→ **What to work on**: Return each line below exactly as it reads, and omit any image in it.

→ **Input**:
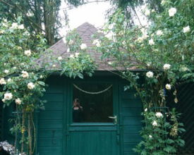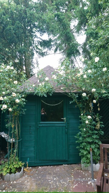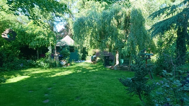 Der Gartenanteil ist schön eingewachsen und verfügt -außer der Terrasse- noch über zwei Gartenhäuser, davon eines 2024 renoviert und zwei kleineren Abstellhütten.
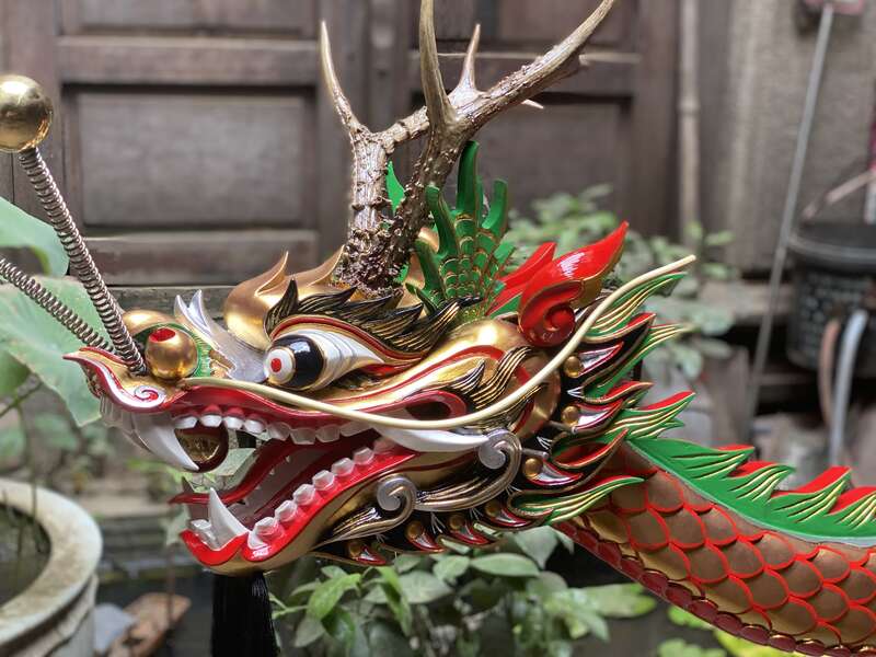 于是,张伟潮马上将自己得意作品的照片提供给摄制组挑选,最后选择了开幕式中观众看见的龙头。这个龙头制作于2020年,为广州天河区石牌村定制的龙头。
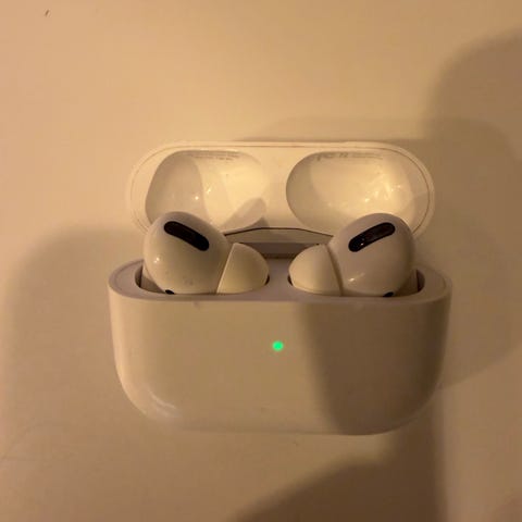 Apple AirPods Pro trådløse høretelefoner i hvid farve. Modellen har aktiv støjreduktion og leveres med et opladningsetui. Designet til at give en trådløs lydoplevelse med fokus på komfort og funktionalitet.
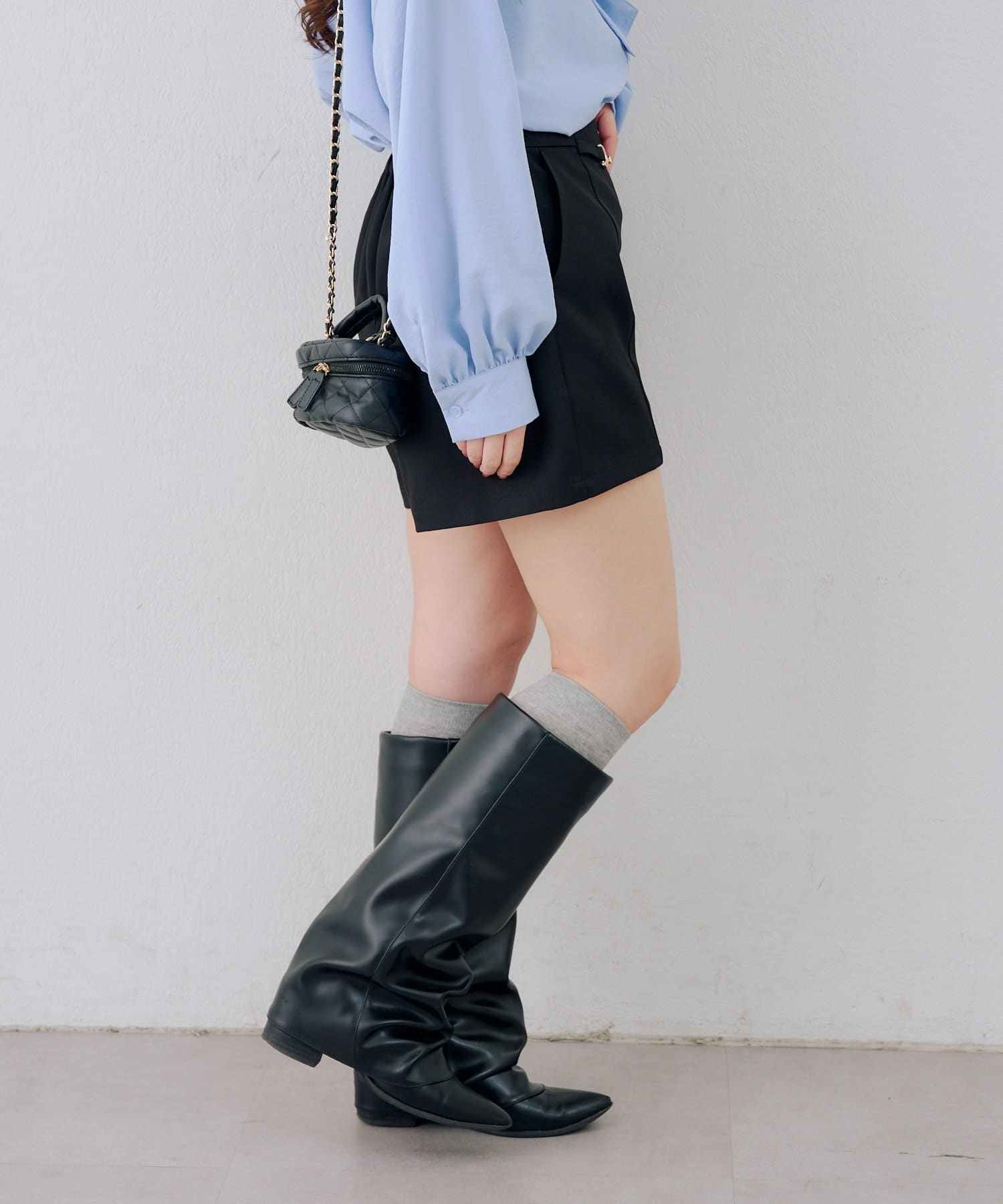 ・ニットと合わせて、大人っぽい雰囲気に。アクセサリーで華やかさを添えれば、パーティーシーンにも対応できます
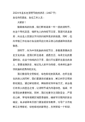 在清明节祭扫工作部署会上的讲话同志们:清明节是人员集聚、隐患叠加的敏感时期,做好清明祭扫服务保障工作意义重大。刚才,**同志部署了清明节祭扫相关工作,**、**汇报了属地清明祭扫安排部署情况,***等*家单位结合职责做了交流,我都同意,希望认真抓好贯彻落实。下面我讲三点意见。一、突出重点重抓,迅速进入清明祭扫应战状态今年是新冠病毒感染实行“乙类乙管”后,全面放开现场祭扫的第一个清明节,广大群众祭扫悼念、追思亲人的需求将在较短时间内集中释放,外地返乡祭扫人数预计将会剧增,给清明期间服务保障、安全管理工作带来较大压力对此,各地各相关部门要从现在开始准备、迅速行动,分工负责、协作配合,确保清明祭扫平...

→ **Answer section**:
 Der Gartenanteil ist schön eingewachsen und verfügt -außer der Terrasse- noch über zwei Gartenhäuser, davon eines 2024 renoviert und zwei kleineren Abstellhütten.
 于是,张伟潮马上将自己得意作品的照片提供给摄制组挑选,最后选择了开幕式中观众看见的龙头。这个龙头制作于2020年,为广州天河区石牌村定制的龙头。
 Apple AirPods Pro trådløse høretelefoner i hvid farve. Modellen har aktiv støjreduktion og leveres med et opladningsetui. Designet til at give en trådløs lydoplevelse med fokus på komfort og funktionalitet.
 ・ニットと合わせて、大人っぽい雰囲気に。アクセサリーで華やかさを添えれば、パーティーシーンにも対応できます
 在清明节祭扫工作部署会上的讲话同志们:清明节是人员集聚、隐患叠加的敏感时期,做好清明祭扫服务保障工作意义重大。刚才,**同志部署了清明节祭扫相关工作,**、**汇报了属地清明祭扫安排部署情况,***等*家单位结合职责做了交流,我都同意,希望认真抓好贯彻落实。下面我讲三点意见。一、突出重点重抓,迅速进入清明祭扫应战状态今年是新冠病毒感染实行“乙类乙管”后,全面放开现场祭扫的第一个清明节,广大群众祭扫悼念、追思亲人的需求将在较短时间内集中释放,外地返乡祭扫人数预计将会剧增,给清明期间服务保障、安全管理工作带来较大压力对此,各地各相关部门要从现在开始准备、迅速行动,分工负责、协作配合,确保清明祭扫平...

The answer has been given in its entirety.